Heat has been responsible over the past year for more bit slips and data retention problems in flash memory, as well, according to Edward Wyrwas, senior member of the technical staff at DfR Solutions. “We’re also seeing the effects on gate oxide integrity and we’re seeing more negative bias temperature instability (NBTI). And as components like graphics cards begin doing more critical thinking, and we start using more memories and more FPGAs, temperatures will go even higher.”

Those problems will likely be compounded as the Internet of Everything begins kicking into gear, because many devices will need to be always on, and as more features are added into systems that can be affected by different use models. Both can affect heat.

“What’s necessary here is that you design chips so they accomplish a certain workload,” said ARM’s Moore. “So you’re making predictions as you’re analyzing reliability in a set of workflows. Maybe this application will drive nearly overload voltage. This is more of an implementation issue, but it’s an increasing trend. Implementation is more and more important, and it affects where you are in your margin.”

The bottom line is that thermal issues are increasingly part of the design, and need to independently and in conjunction with power, materials, architectures, processes and packaging. On a positive note, this does provide some very interesting multi-physics engineering problems to solve for years to come.

Related Stories
Reliability Adds Risk Over Time
Reliability Definition Is Changing

  • Dave Duchesneau

    I think there’s a discrepancy in one of the statements. Olivier Lauzeral, president & GM of iROC, said “One strong impact of higher temperature, when combined with high voltage, is an increased risk of latch up…”

    This first statement tells me that higher temps INCREASE the risk of latch-up, which makes sense.

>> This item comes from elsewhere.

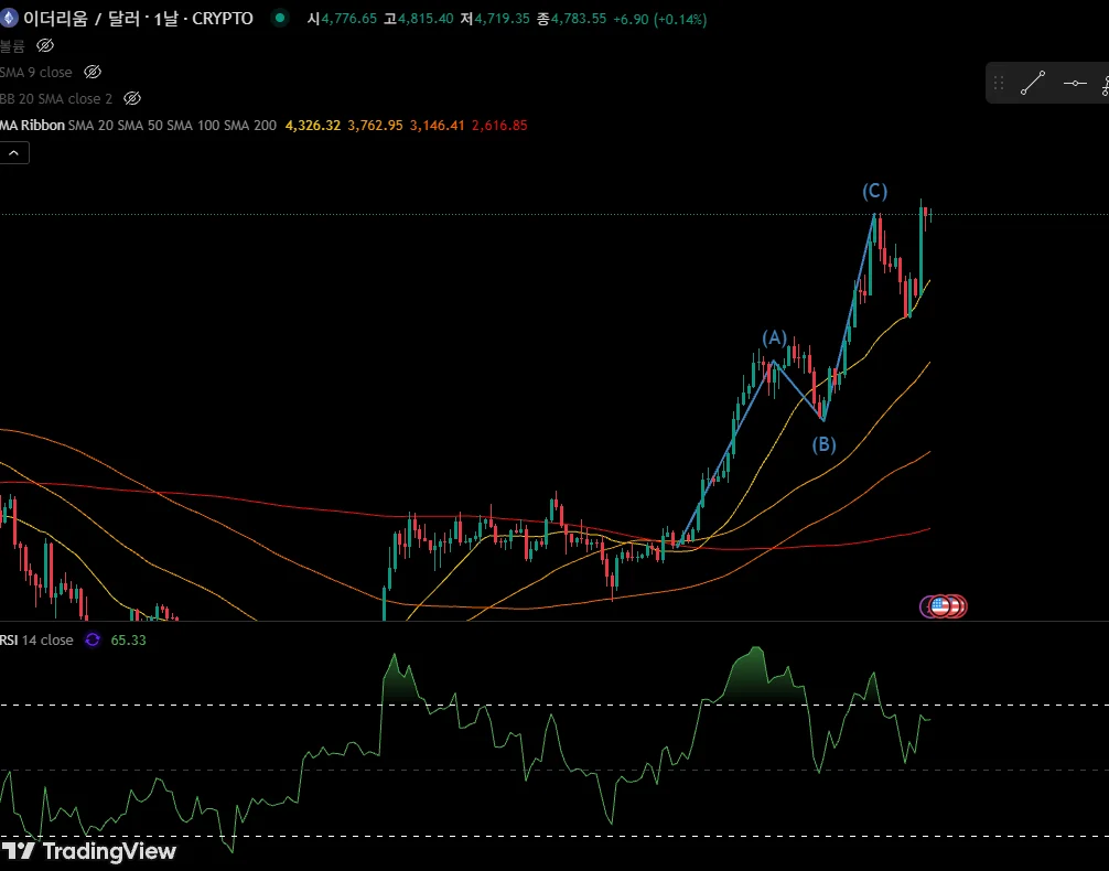 RSI 지수가 과매수 조정 후 다시 반등하는 흐름을 보였고, 중기 이동평균선 위에서 안정적으로 지지를 확인함. 엘리엇 파동 관점에서도 3파 진행 가능성이 열려 있어 추가 상승 여력이 있다고 판단함. 또한 최근 상승 구간에서 거래량이 동반 증가하며 매수세가 유효함을 뒷받침한다고 봄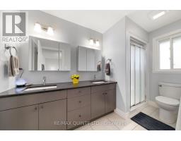Offering 5 bedrooms and 3 bathrooms, this move-in-ready bungalow showcases thoughtful upgrades, meticulous care, and a seamless blend of style, comfort, and everyday functionality. Step into a sun-filled, open-concept main floor where the family room-anchored by a tray ceiling with pot lights-flows effortlessly into the dining area and chef-inspired kitchen. The kitchen impresses with terrazzo-quartz countertops, a composite granite double sink, premium cabinetry, and a stylish tile backsplash-perfect for entertaining or daily living. The main-floor primary suite is a true private retreat, featuring a spacious custom walk-in closet and a spa-like ensuite with a double vanity, his-and-hers sinks, and a sleek stand-up shower. Downstairs, the bright and expansive lower level extends your living space with a large rec room, a full bathroom, and three generous bedrooms, including one with its own walk-in closet-ideal for guests, teens, or a growing family. Outside, enjoy a deep, fully fenced backyard (2021) designed for relaxation and entertaining, complete with a composite deck, three-panel patio doors, stamped concrete patio, and ample green space. The triple-wide concrete driveway and insulated double-car garage provide exceptional parking and storage convenience.Notable upgrades include custom living room cabinetry (2021), front landscaping (2023), and a refreshed kitchen backsplash (2024). Located in a highly sought-after neighborhood close to schools, parks, shopping, CFB Trenton, and Hwy 401-and just a short drive to Sandbanks, Presqu'ile, and North Beach Provincial Parks-this home is perfectly suited for families, professionals, and outdoor enthusiasts alike. A rare opportunity to own a beautifully finished home in an unbeatable location-don't miss it. (id:47351)

    Mr. Lauzeral goes on to say, ““Another impact from temperature is the actual flux of thermal neutrons… [which] …interact with Boron 10 dopants in silicon to produce alpha particles and lithium ions. The cross section (or probability of interaction) of thermal neutrons with Boron 10 varies as 1/√E… So the higher the temperature, the higher their energy, the lower the probability of interaction with [Boron 10], the lower the flux of alpha or lithium ions.”

    This second statement tells me that higher temps DECREASE the risk of latch-up, due to the inversely varying relationship (1/√E), which does NOT makes sense to me. Admittedly I’m out of my element here, but intuitively I would think that increasing energy would INCREASE the flux of alpha ions, which would further INCREASE the risk of latch-up.